A Rare Case of Hyperandrogenism Due to Fibrothecoma and Leydig Cell Tumor in a Postmenopausal Woman With Adrenal Adenoma: A Case Report and Literature Review

Akbar Hussain 1,, Edilfavia Uy 2, Stanley Marlowe 1, Jonathan Piercy 3, Aelia Akbar 1
Editors: Alexander Muacevic, John R Adler
PMCID: PMC10485732  PMID: 37692722

Abstract

Hyperandrogenism is an endocrine disorder characterized by an elevated level of androgen in women, which can be due to several etiologies, including ovarian and adrenal causes. Hyperandrogenism can result in hirsutism and virilization in severe cases. Ovarian etiologies can include ovarian hyperthecosis, hilus cell tumors, arrhenoblastomas, and Leydig cell tumors. Diagnosing the specific cause requires comprehensive work, and management is then tailored to address the specific etiology. Treatment may include bilateral oophorectomy and gonadotropin-releasing hormone (GnRH) analogs in combination with antiandrogen therapy. Surgery, medical treatment, and radiation therapy are also options for patients with hypercortisolemia.

We present the case of a 58-year-old female who presented with clinical features of hyperandrogenism, which were confirmed with biochemical testing. She was found to have a non-functioning adrenal adenoma with no significant abnormality on ovarian imaging and biochemical hyperandrogenemia due to fibrothecoma and Leydig cell tumor, which resolved after bilateral salpingo-oophorectomy.

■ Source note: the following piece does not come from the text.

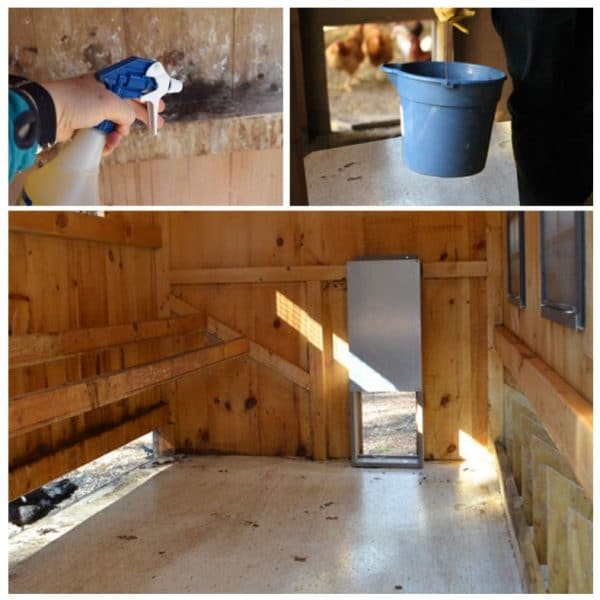 Все имеющиеся поверхности — стены, полы, потолок, насесты и прочее отмываются горячей водой. Для большего эффекта и чтобы удалить неприятный запах, в воду добавляют немного уксуса. Побеленные известью стены и потолок отмываются от неё полностью, поскольку слой своё уже отслужил. После всех проведённых процедур можно побелить заново.
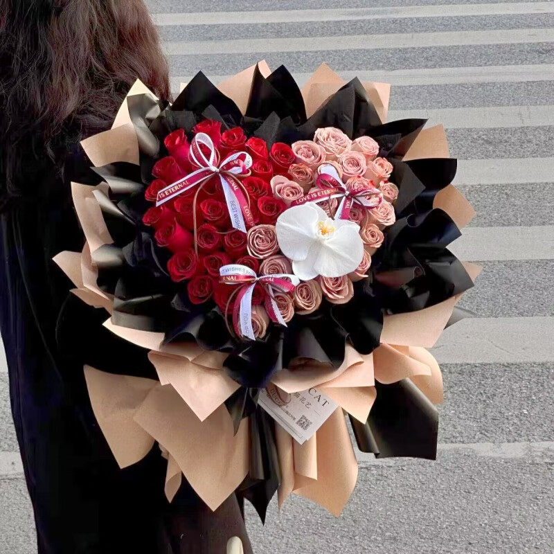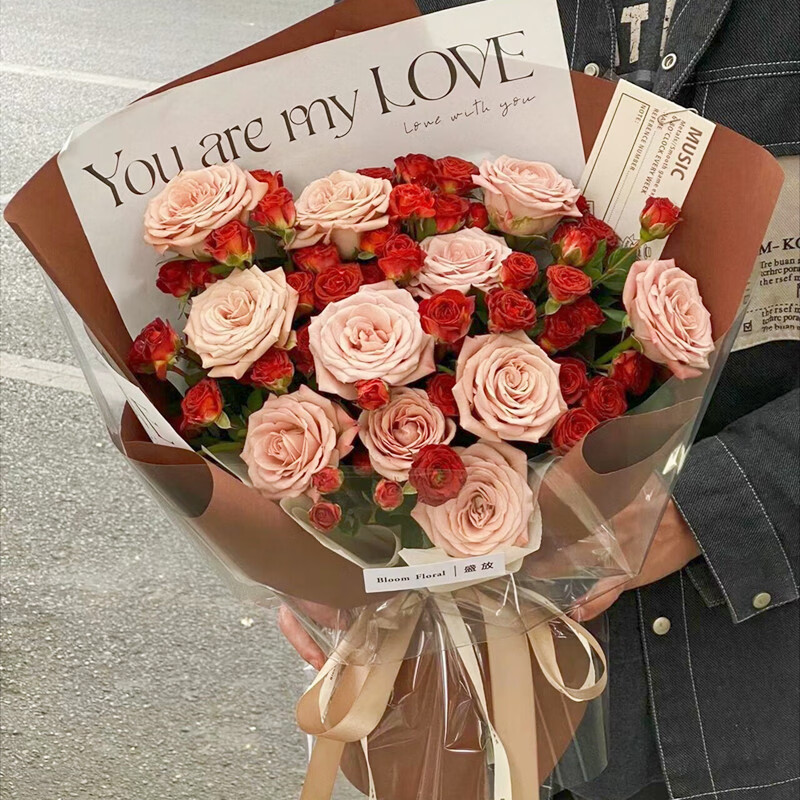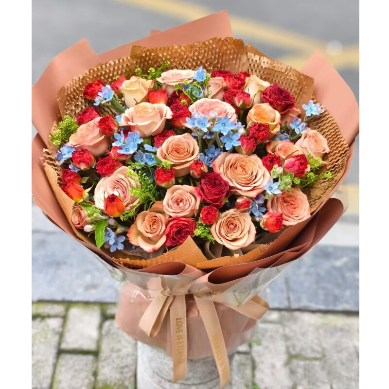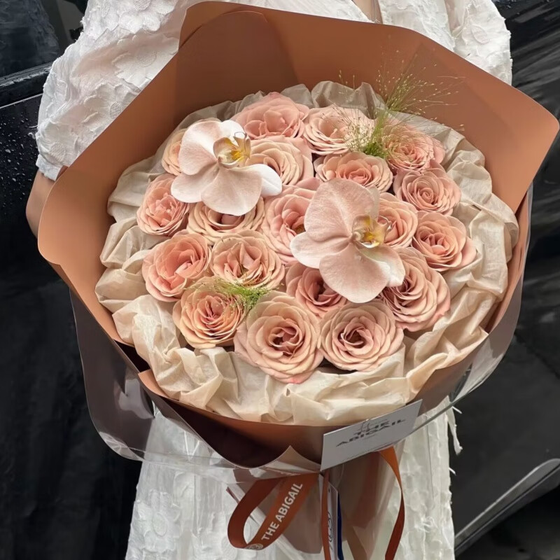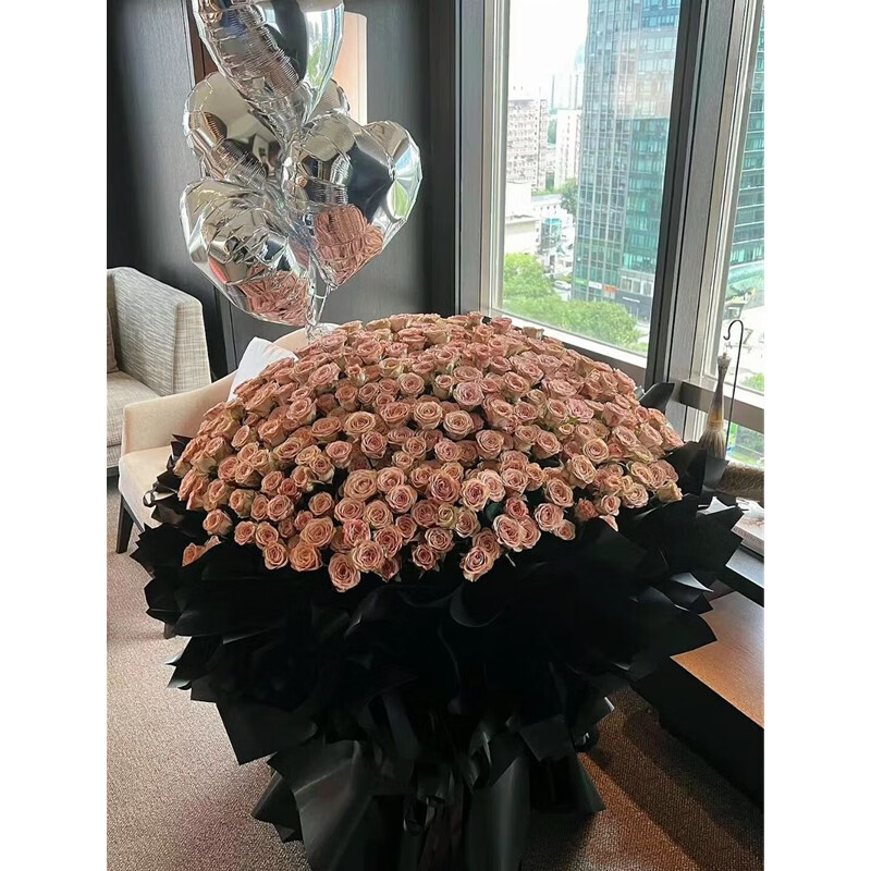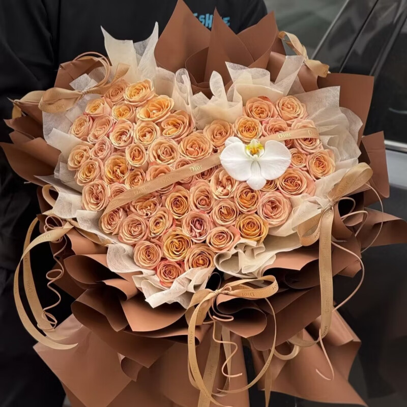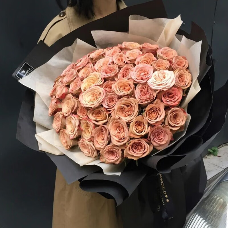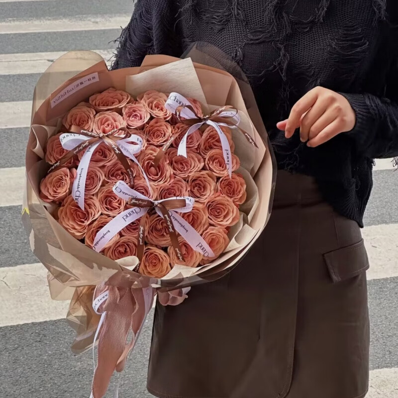Hua and Qianxun Flower Gift Cappuccino Rose Bouquet for Girlfriend and Wife’s Birthday Gift Flowers Delivered Nationwide in the City 99 Cappuccino Bouquets + Teddy Bears Delivered in the City Supports Appointment Dates

Keywords: postmenopausal, adrenal adenoma, ovarian hyperthecosis (oh), fibrothecoma and leydig cell tumor, oophorectomy, hyperandrogenism

Introduction

Hyperandrogenism is a common endocrine disorder characterized by elevated levels of male hormones in females, leading to the development of hirsutism, acne, alopecia, and menstrual irregularities [1]. Postmenopausal hyperandrogenism is a rare pathology, which makes diagnosis and treatment difficult. It is most frequently associated with excessive androgen production from an ovarian source, but adrenal hormone-secreting neoplasms should also be considered. The most common etiologies of hyperandrogenism are polycystic ovary syndrome (PCOS), non-classic congenital adrenal hyperplasia (NCAH), and adrenal tumors [2]. However, in rare cases, ovarian hyperthecosis (OH) can also cause hyperandrogenism in postmenopausal women. This is an uncommon condition that affects fewer than 1% of reproductive-age women, primarily postmenopausal women.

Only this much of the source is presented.